ACTION ITEM = Report every line of the data that includes "General".

MATERIAL FOR THE TASK =

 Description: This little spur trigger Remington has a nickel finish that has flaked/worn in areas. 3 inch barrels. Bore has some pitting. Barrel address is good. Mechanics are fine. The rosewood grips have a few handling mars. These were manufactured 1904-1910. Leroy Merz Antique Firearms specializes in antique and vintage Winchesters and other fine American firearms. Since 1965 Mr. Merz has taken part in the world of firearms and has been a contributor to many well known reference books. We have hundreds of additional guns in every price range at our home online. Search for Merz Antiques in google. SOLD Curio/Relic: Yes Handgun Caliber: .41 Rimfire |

* * *

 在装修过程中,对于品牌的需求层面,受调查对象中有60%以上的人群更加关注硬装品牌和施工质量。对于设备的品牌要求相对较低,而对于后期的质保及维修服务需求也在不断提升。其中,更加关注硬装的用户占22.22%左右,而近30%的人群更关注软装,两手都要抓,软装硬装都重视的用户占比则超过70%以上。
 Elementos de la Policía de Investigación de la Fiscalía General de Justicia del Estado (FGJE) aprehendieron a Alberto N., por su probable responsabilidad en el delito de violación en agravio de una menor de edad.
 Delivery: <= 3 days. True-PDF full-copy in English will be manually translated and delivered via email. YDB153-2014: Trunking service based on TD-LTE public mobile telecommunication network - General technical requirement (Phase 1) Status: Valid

ANSWER TO THIS TASK =
 Elementos de la Policía de Investigación de la Fiscalía General de Justicia del Estado (FGJE) aprehendieron a Alberto N., por su probable responsabilidad en el delito de violación en agravio de una menor de edad.
 Delivery: <= 3 days. True-PDF full-copy in English will be manually translated and delivered via email. YDB153-2014: Trunking service based on TD-LTE public mobile telecommunication network - General technical requirement (Phase 1) Status: Valid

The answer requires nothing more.